Kömür bizim "yakın akrabamız" oluyor.

KARDEMİR’de, ERDEMİR’de bilmem kaç bin derecede demiri çeliğe dönüştürüyor,

ÇATES’te ışık, EREN’de elektrik oluyor. 

Kömür bizim ekmeğimiz, aşımız oluyor. 

Grizuda ateşimiz, göçükte mezarımız, “kaçak”ta ecelimiz oluyor. 

Rödövansın çilesi, memleketin bitmeyen enerjisi oluyor.  

*

Gazetelerden haber başlıkları : 

“ Kömür altın oldu “ 

Vakti zamanında adını “elmas” koyup kadrini-kıymetini bilemediğimiz Zonguldak taşkömürü bugün altın değerinde… 

Yer altında 1.3 milyar ton taşkömürü rezervi tahmin ediliyor. 

Yani, milyar ton altınımız, ya da elmasımız var. 

Ancak, biz hala yurt dışından bilmem kaç milyon ton kömür ithal ediliyoruz, elimizin altındaki kömürü üretmekten aciz bulunuyoruz. 

Yıllık üretime bakalım…. 

TTK’da tüm bölgelerde yaklaşık 800 bin ton… 

Rödövans işletmelerinde toplam 800 bin ton… 

Öngörülen üretim hedeflerinden çok uzakta kaldığımız aşikar… 

TTK ve rödövans işletmeleri eliyle yılda toplam 10 milyon tonluk üretim nerde, halihazırda üretilen toplan 1.5 milyon ton üretim nerde?.. 

*

CHP 22. Dönem Zonguldak Milletvekili Harun Akın geçenlerde bir açıklama yaptı. 

Bu üretim rakamlarına atıfta bulunan Sayın Akın, “ Yazık, çok yazık !..” diyerek, yıllardır TTK ve taşkömürü üretimi üzerine verdiği mücadelenin de üzüntüsünü ifade etmiş oldu. 

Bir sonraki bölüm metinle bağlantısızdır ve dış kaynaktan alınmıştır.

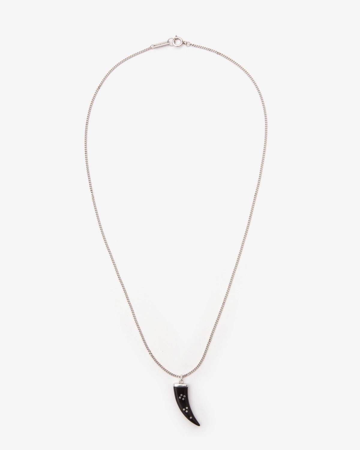Chain necklace with buffalo horn pendant and metal detail Silver-finish brass chain Clasp with spring ring Plate with an engraved "Marant" logo Length: 67 cm / 26.4 in. Style: SA0011HAC1B07TBKSI MAJI 70% brass, 20% buffalo horn, 10% tin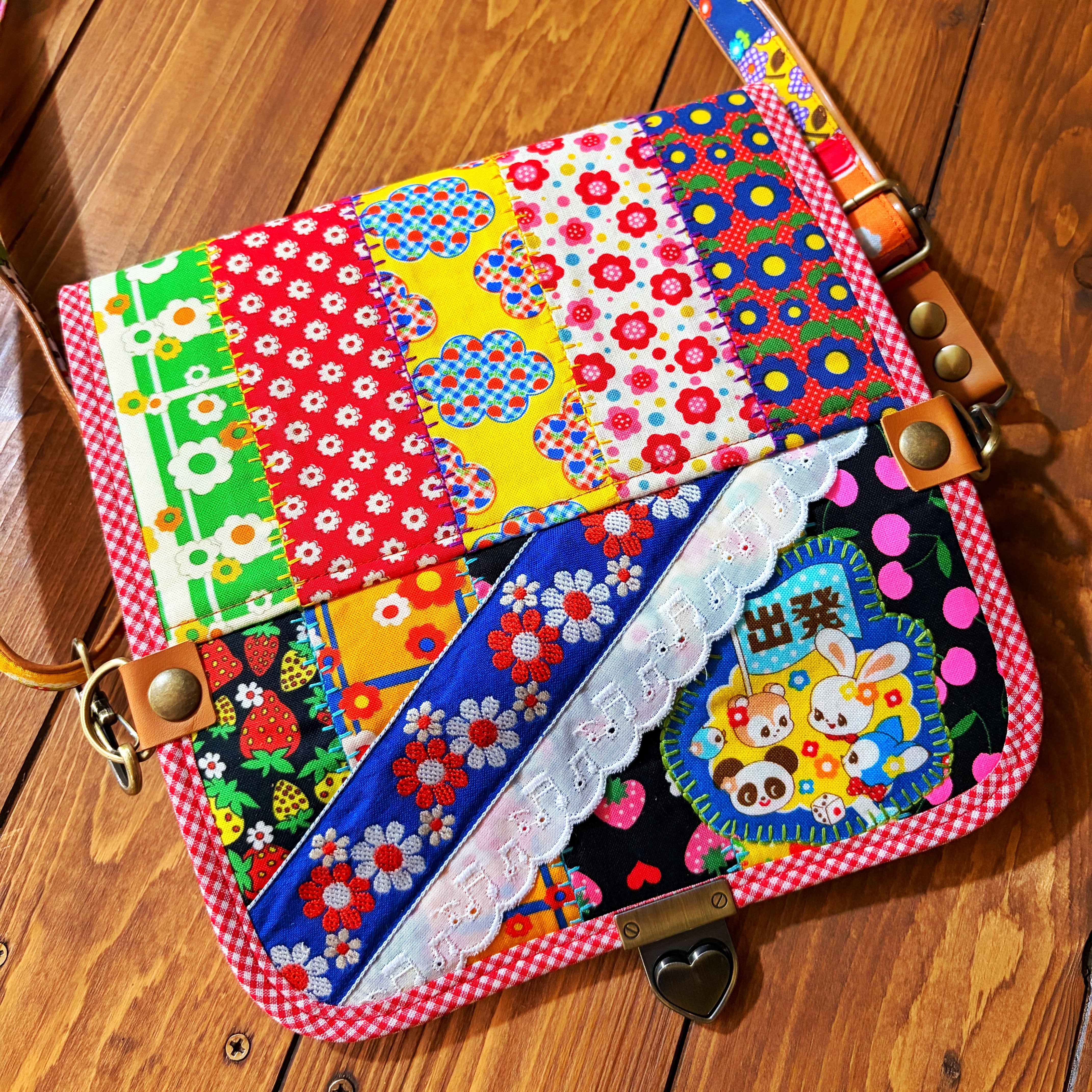 一つひとつ丁寧に組み合わせたパッチワーク仕立てに、同じ配置ではもう作れない、一点ものです。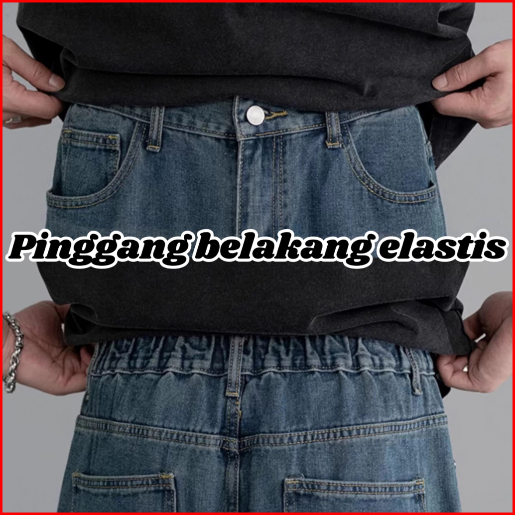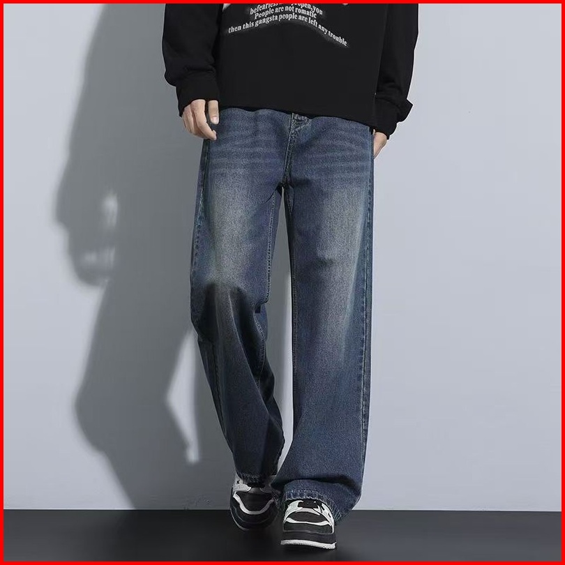 Keyboy Celana Jeans Pria Panjang Baggy Biru Kulot Celana Dewasa Cowok Straight Denim Pants Korean Style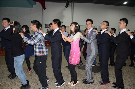 这场热烈的舞会上,大家先是欣赏了街舞社的精彩表演,然后身着盛装的同学们纷纷上台,迈起轻盈的舞步,配合音乐跳起了华尔兹,身着西服的男生和裙装的女生构成了一幅亮丽的风景。在舞会进行同时,大家共同举杯,尽情畅谈,并欣赏11级王晗、许旸带来的拉丁舞蹈。组织方还别出心裁的组织了一个小游戏,分别用扭秧歌、江南style、猴哥、第二套广播体操、掀起你的盖头来等独特搞笑的舞蹈随机抽取并模仿表演,邀请在场所有人员上台表演,他们也各显才艺,为大家演绎了一段段风格各异的舞蹈,引来在场同学阵阵的欢呼和笑声。最后,王经理上台做了简短的总结讲话,对此次舞会做出了高度的评价。整台舞会在大家集体跳兔子舞中结束,全场弥漫着青春的气蕴。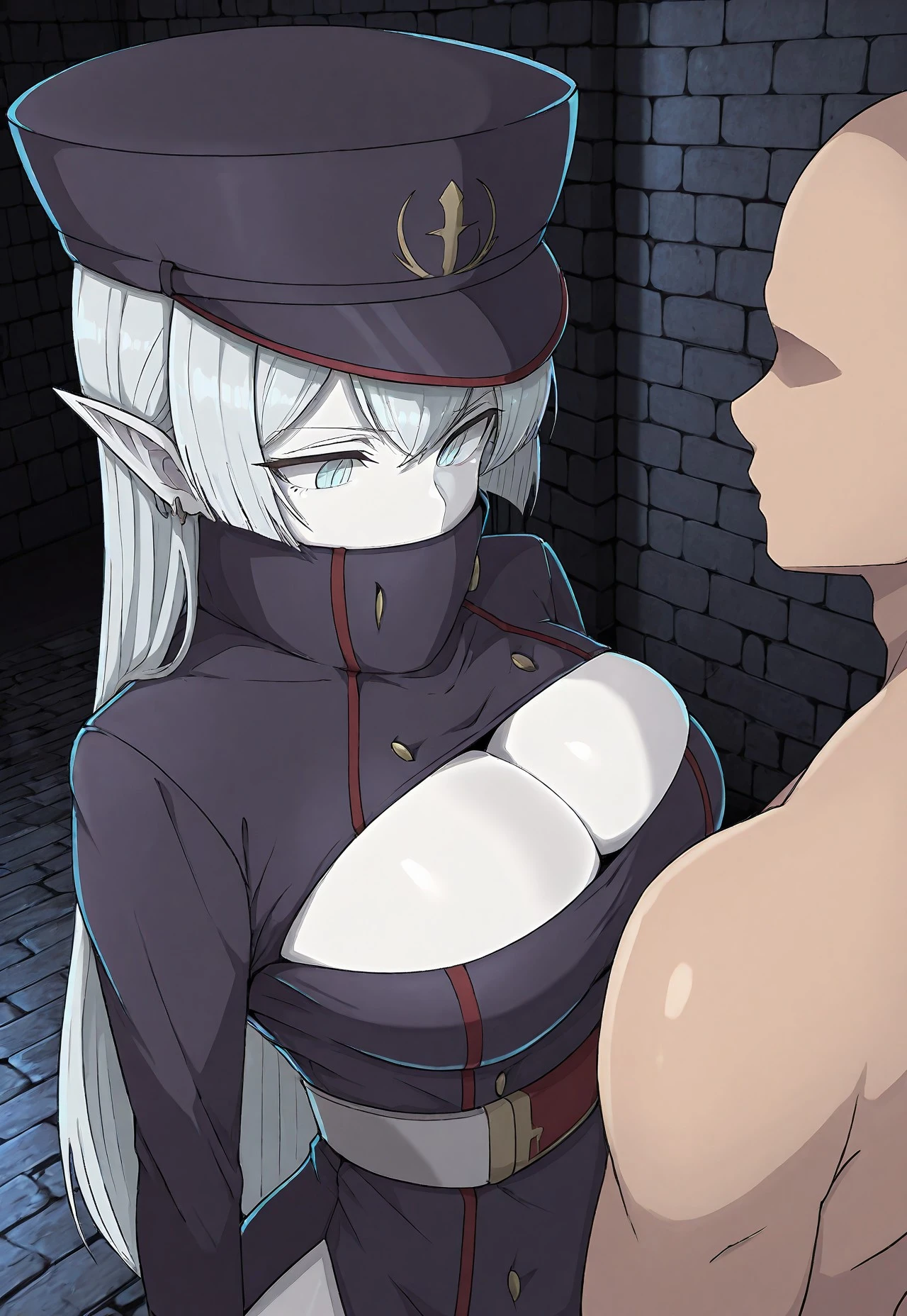 military uniform, peaked cap, high collar, belt, thigh high boots, cleavage cutout,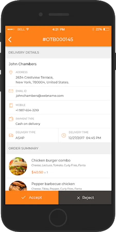 - Accept/Reject the incoming Order

Bu memlekette, TTK, rödövans işletmeleri ve taşkömürü üretimi konusunda son çeyrek yüzyılda görülmemiş bir mücadele veren, milletvekilliği ve TBMM KİT Komisyonu Üyeliği sırasında bu mücadelenin somut örnekleri ile ortaya çıkan Harun Akın, sözün bittiği yerde böyle söylemek durumunda kalıyor. 

“ Yazık, çok yazık !..”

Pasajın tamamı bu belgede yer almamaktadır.